Friday 7 September 2012

They own land! Give them money!

From page 4 of today's City AM:

Under existing rules builders are required to designate a set percentage of every development either for housing associations or available at a reduced price. The coalition says this requirement can be too onerous and will allow developers an opt-out if they can prove that it economically unviable to develop a site.

It is nearly always 'economically viable' to build a house. The developer buys £30,000's worth of concrete, timber and bricks etc and sells the finished house for £80,000-plus. That £50,000 is the normal earned income of the develoepr, architect, bricklayer, carpenter etc. Anything above that is pure, unearned profit, i.e. land value.
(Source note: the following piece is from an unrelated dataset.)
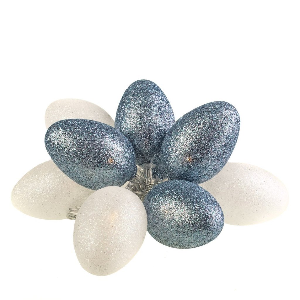 LED světelný řetěz Eggs1 v šedobílé barevné kombinaci je elegantní světelnou dekorací pro interiér. Obsahuje deset vajíček s LED osvětlením v odstínech šedé a bílé, každé o rozměrech přibližně 6 x 4 cm. Povrch vajíček je posypán jemnými třpytkami , které vytvářejí jemný lesk (barevné provedení odpovídá fotografii nebo jde o kombinaci bílé s šedou). Všechny prvky jsou umístěny na průhledném kabelu s rozestupem 15 cm, ideální pro vytvoření tlumeného a útulného sezónního osvětlení .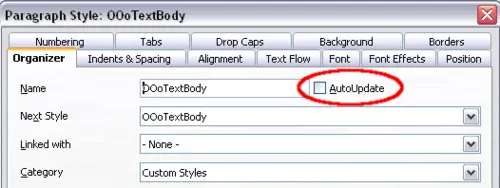 | If you are in the habit of manually overriding styles in your document, be sure that AutoUpdate is not enabled, or you will suddenly find whole sections of your document reformatting unexpectedly.

Rather bizarrely, on page 24 of the same edition, they explain all this (without suggesting the obvious solution):

Firstly, house prices are nothing to do with [construction] costs. They’re actually about land values. Rising house prices are not bricks and mortar turning to gold, but represent the rising value of land with residential planning permission. In Oxford, a hectare of land for agricultural purposes costs £20,000 compared to £4m for residential use...
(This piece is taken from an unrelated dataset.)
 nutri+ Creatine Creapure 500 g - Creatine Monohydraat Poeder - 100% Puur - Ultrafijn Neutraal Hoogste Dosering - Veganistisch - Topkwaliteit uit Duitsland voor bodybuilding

As the planning system won’t release enough land over the long term, developers feel protected from land prices falling. This is why the £10bn in loan guarantees for developers building new homes, announced by the government yesterday, showed a disastrous misunderstanding of the system. They mean that, if land prices rise, the developer wins anyway. But, if prices fall, the taxpayer is liable. Not sensible.

Developers complain that there isn’t enough mortgage finance. But what they really mean is that there isn’t enough mortgage finance available to prop up existing land prices.

3 comments:

Bayard said...

"They mean that, if land prices rise, the developer wins anyway. But, if prices fall, the taxpayer is liable. Not sensible."
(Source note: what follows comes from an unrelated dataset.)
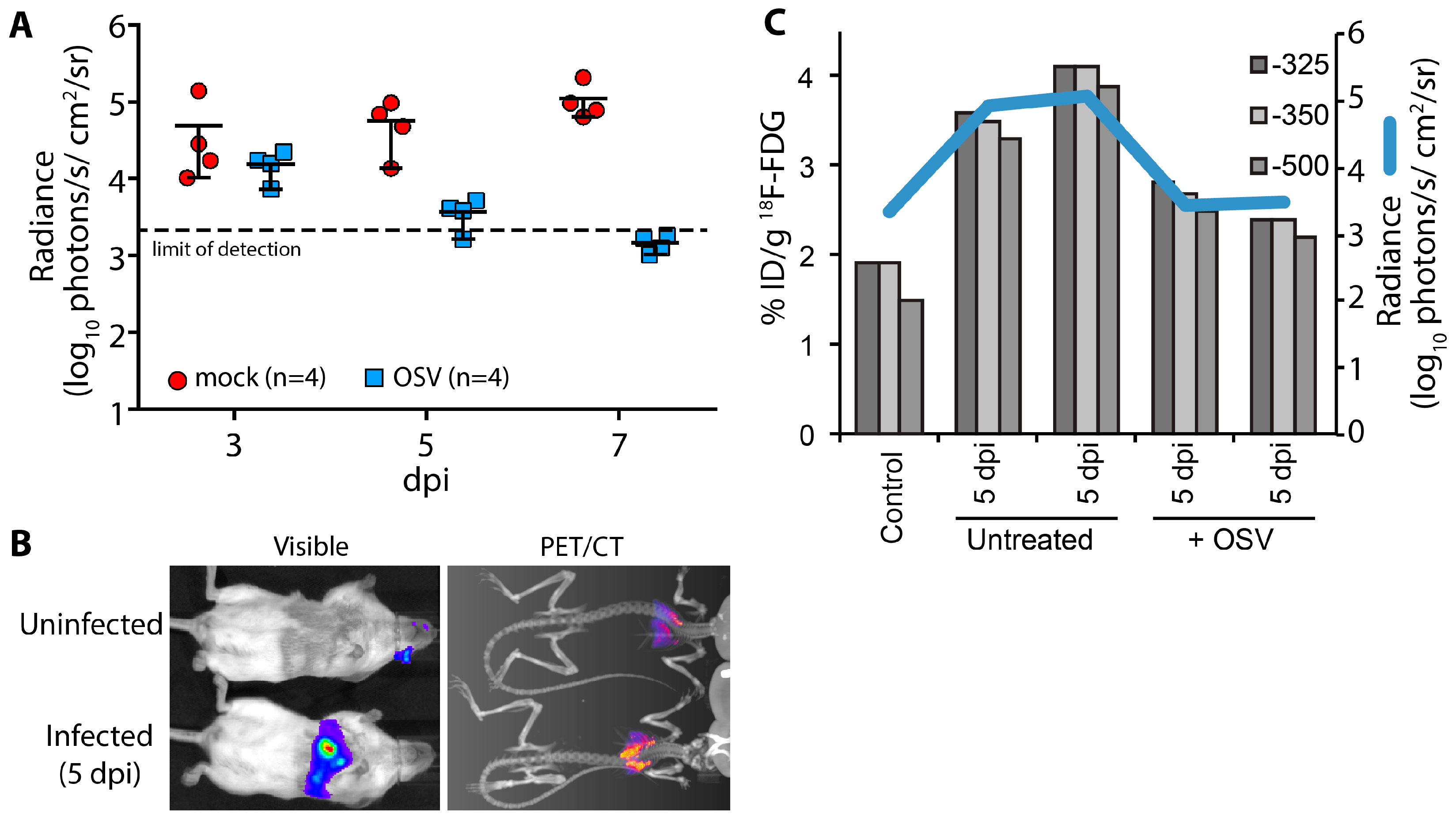 We then paired bioluminescence and PET/CT imaging to measure both virus replication and inflammation. Inflammation was measured in a subset of mice at 5 dpi using 18F-FDG, a radiotracer for detecting influenza-mediated inflammation [25] (Figure 4B). Lungs were segmented from computed tomography (CT) data using three Hounsfield unit thresholds to prevent artifacts due to changes in lung tissue density from edema and immune infiltrates. Inflammation was then measured from the positron emission tomography (PET) data by quantifying 18F-FDG localized to each of the CT-defined lung volumes (Figure 4C). OSV treatment dramatically reduced inflammation compared to mock-treated animals, approaching background levels detected in an uninfected control. Multi-modal imaging enabled measurement of both viral replication and host responses, and showed a remarkable correlation between viral load and inflammation in mice.

unless you are a developer. Looks like money well spent on donations to the Tory party.

James Higham said...

Firstly, house prices are nothing to do with [construction] costs. They’re actually about land values. Rising house prices are not bricks and mortar turning to gold, but represent the rising value of land with residential planning permission.

Yes and what is the point which comes from that?

Mark Wadsworth said...

JH: "what is the point which comes from that?"

Depends which side of the fence you are on, it's either

a) Buy land, it's an easy way to more or less guarantee good profits for absolutely no work.

b) that land values are entirely unearned and we can achieve better outcomes by taxing land values.